## WORK REQUEST
Quote only the lines that start at the line with "- IDEAL FOR" and run to the end of the entries; omit the pictures.

(Items from a data source)
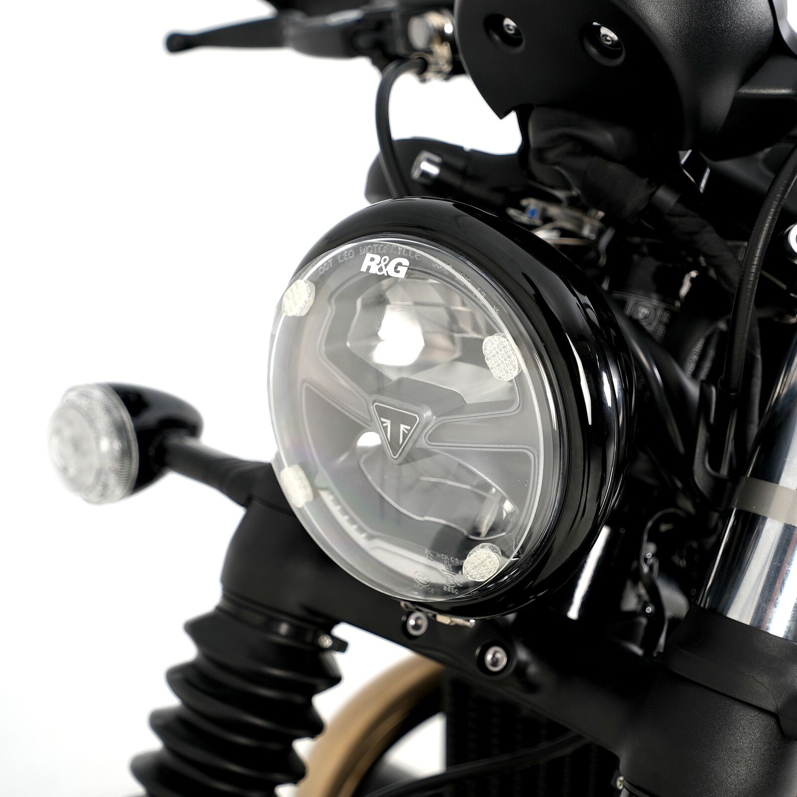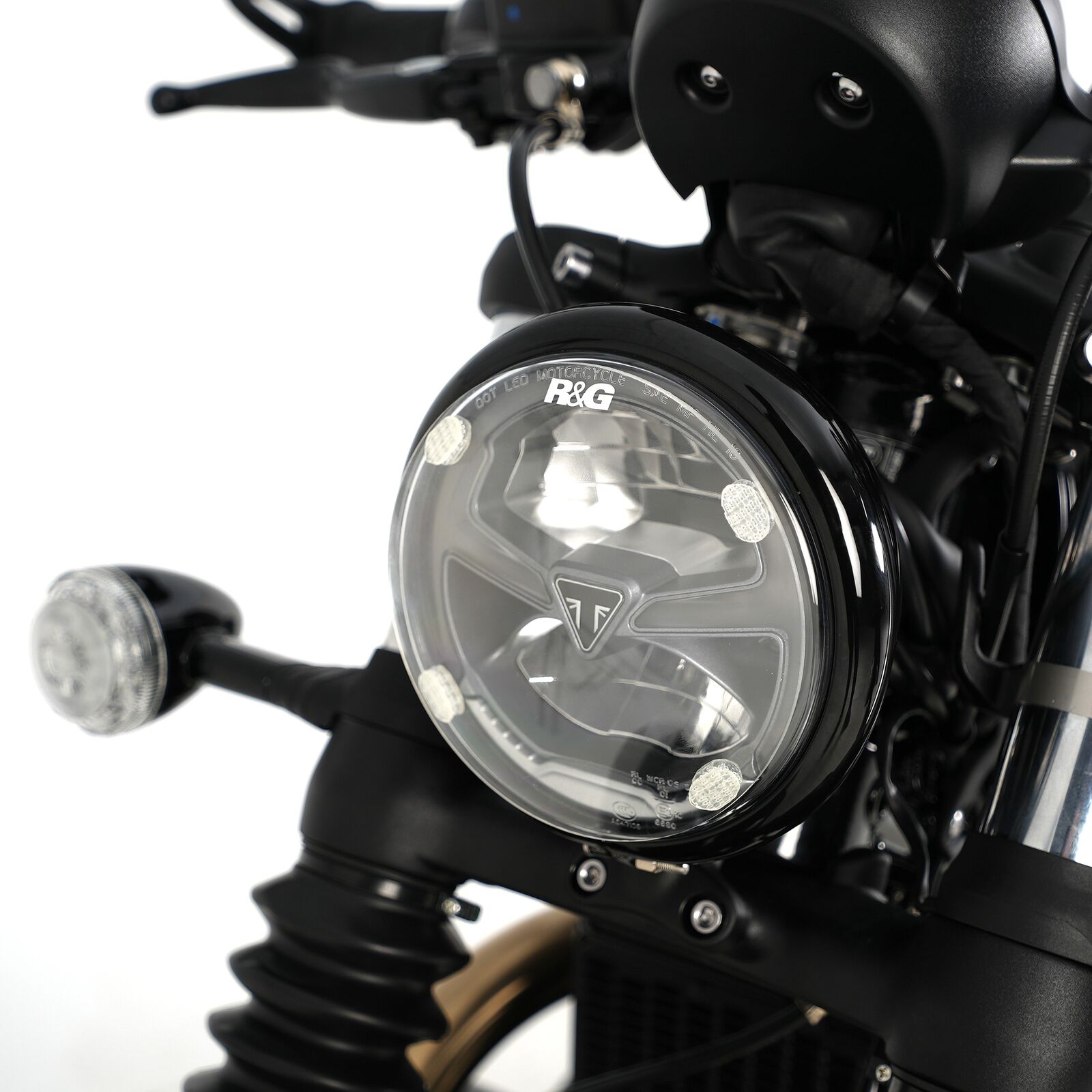 This R&G Headlight Shield is specially designed to fit Indian FTR1200 (S) '19-, Scout Bobber '20- & Triumph Scrambler 1200 XC/XE '19-, Bonneville bobber '21- models.
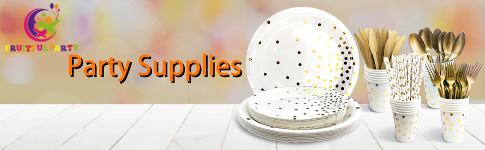 White and Gold Party Supplies 193Pcs Golden Dot Party
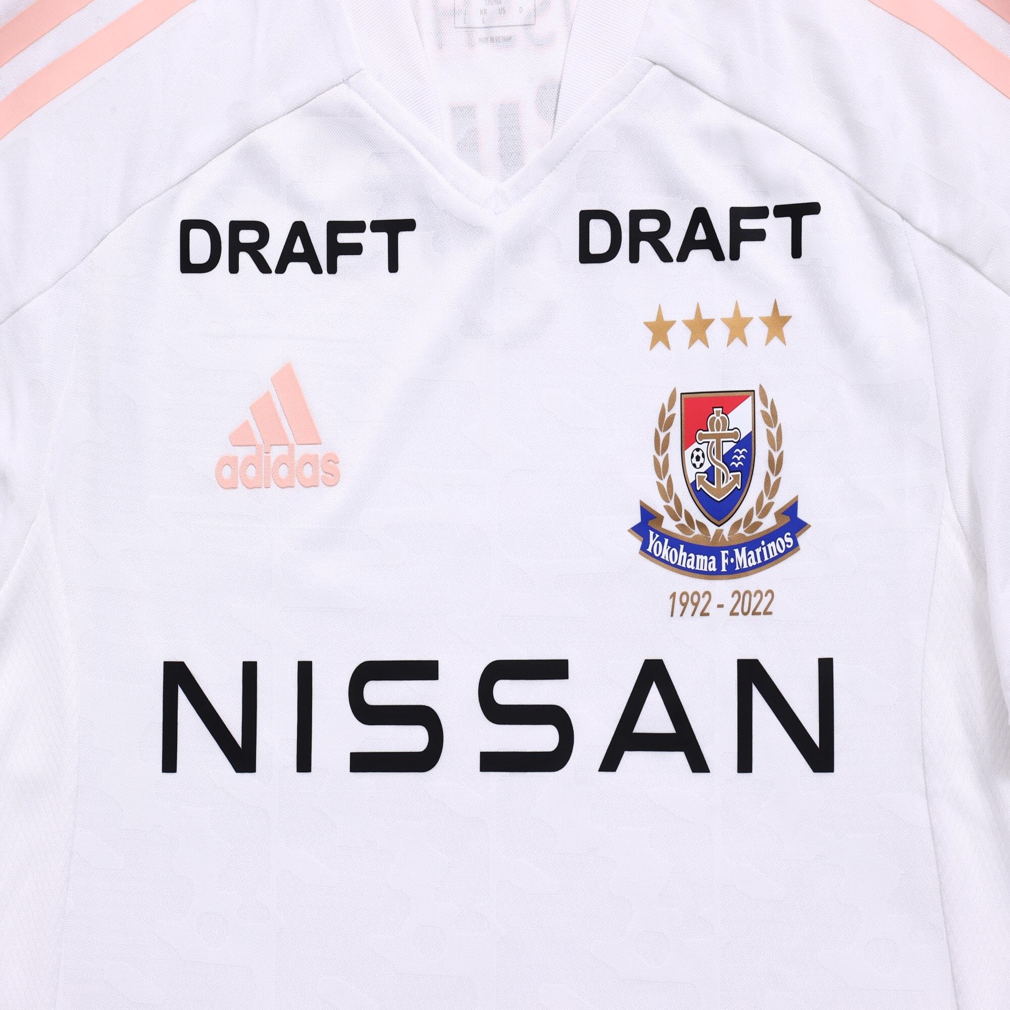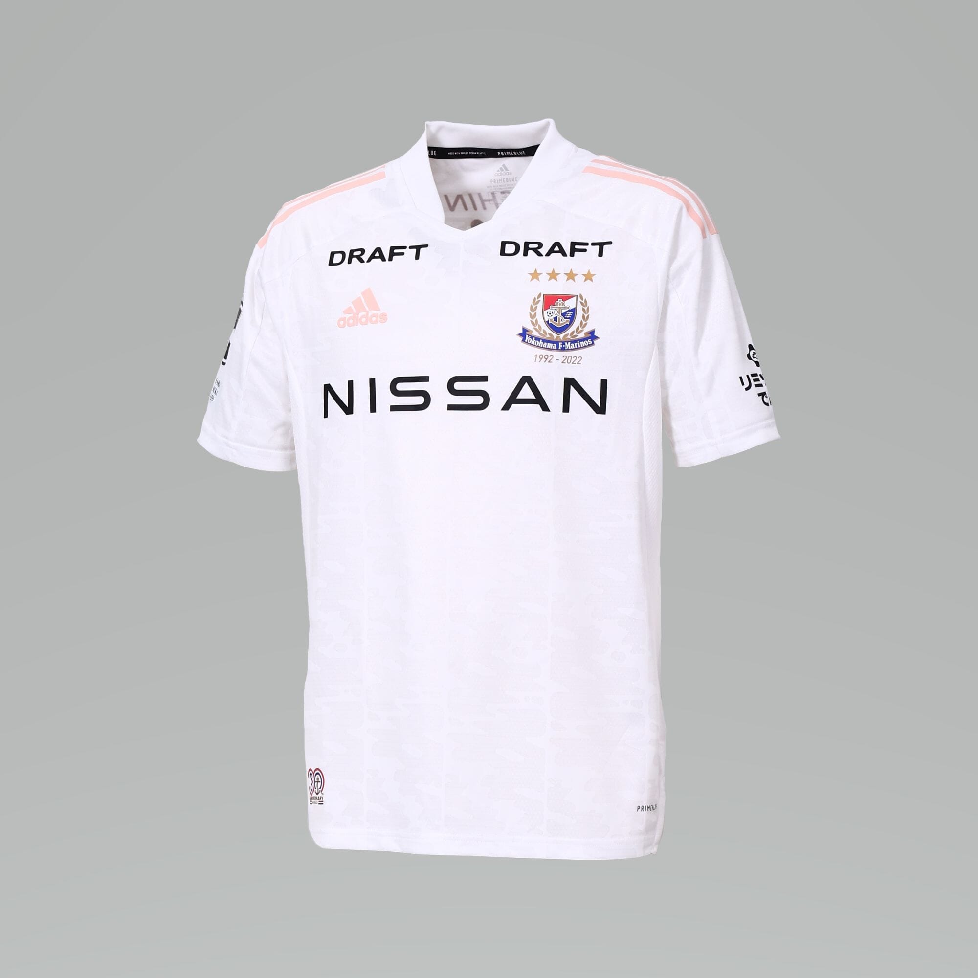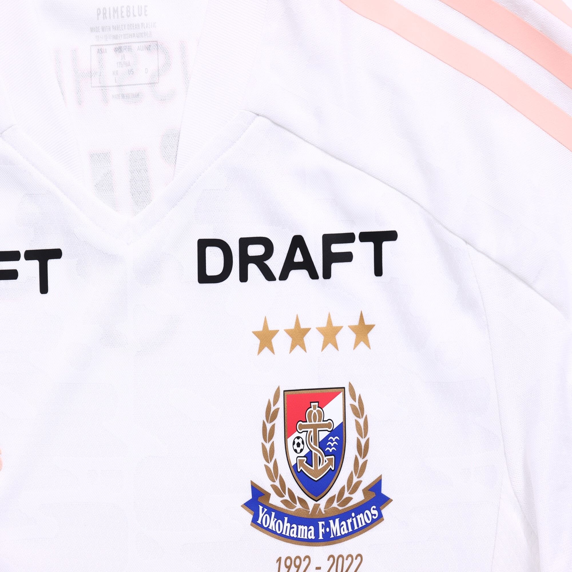 In white with pink detailing in the form of the adidas branding, the new release marks the 30th anniversary of J-League participation by way of detailing under the full-colour crest (“1992-2022”) and on the hem.
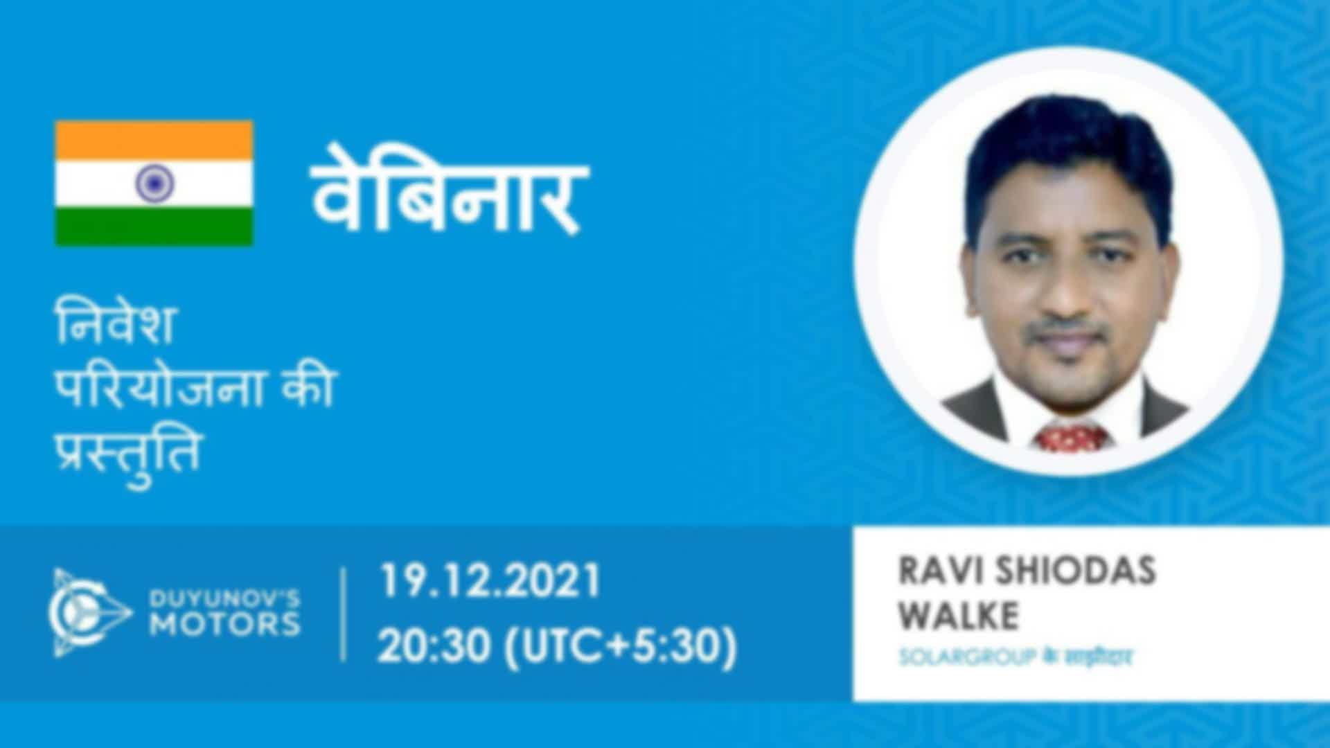 India. निवेश परियोजना "Duyunov की मोटरें" की प्रस्तुति
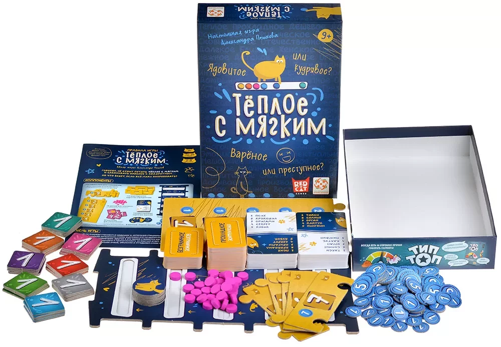 Компактный по правилам, но содержательный по ощущениям, «Тёплое с мягким» отлично работает как игра для разогрева перед более сложными настолками или как основное развлечение на вечеринки. 20–30 минут на партию, минимум подготовки (разложить поле для голосования, раздать жетоны и карты) и практически бесконечное число возможных сочетаний слов и шкал делают его удобным выбором для любых компаний 9+
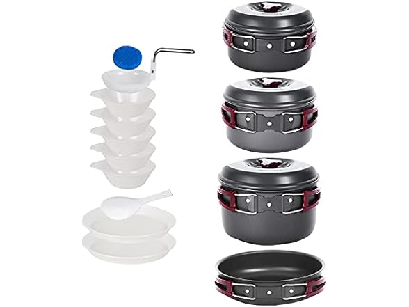 - IDEAL FOR 5-6 PERSONS USING: This cookware set including 3pcs pots with lids, 1pc frying pan, 1pc foldable ladle, 1pc spoon, 5pcs bowls, 2pcs plates and 1pc cleaning sponge, which can satisfy 5-6 persons in outdoor use. All the items can be put into a carry bag for easy store.
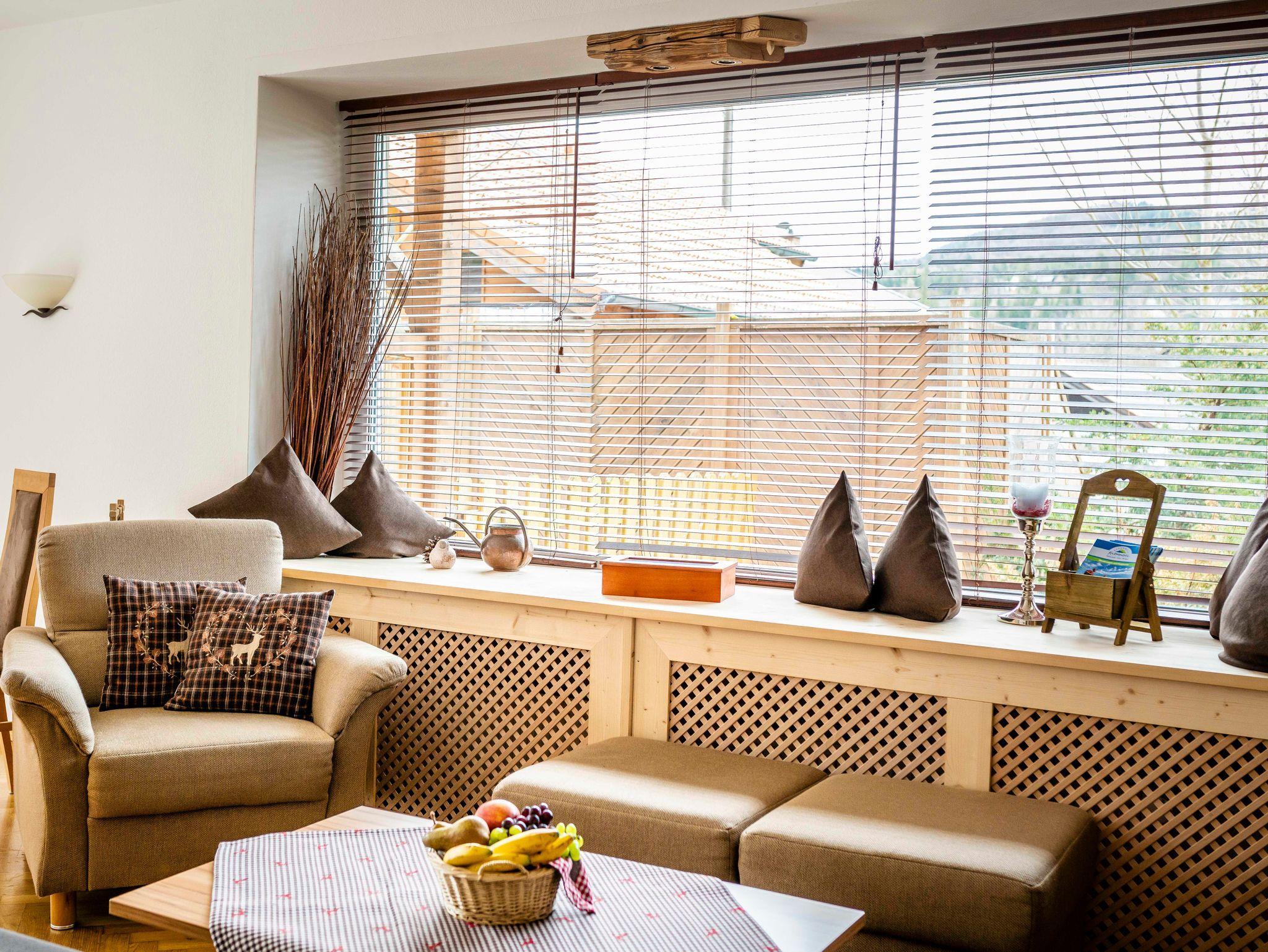 Der Wohnbereich ist mit bequemen Sofas und einem Flachbildfernseher ausgestattet. Hier kann man sich nach einem aktiven Tag in den Bergen entspannen und gemütliche Abende verbringen. Kostenloses WLAN steht ebenfalls zur Verfügung.

## WRITTEN SOLUTION
 - IDEAL FOR 5-6 PERSONS USING: This cookware set including 3pcs pots with lids, 1pc frying pan, 1pc foldable ladle, 1pc spoon, 5pcs bowls, 2pcs plates and 1pc cleaning sponge, which can satisfy 5-6 persons in outdoor use. All the items can be put into a carry bag for easy store.
 Der Wohnbereich ist mit bequemen Sofas und einem Flachbildfernseher ausgestattet. Hier kann man sich nach einem aktiven Tag in den Bergen entspannen und gemütliche Abende verbringen. Kostenloses WLAN steht ebenfalls zur Verfügung.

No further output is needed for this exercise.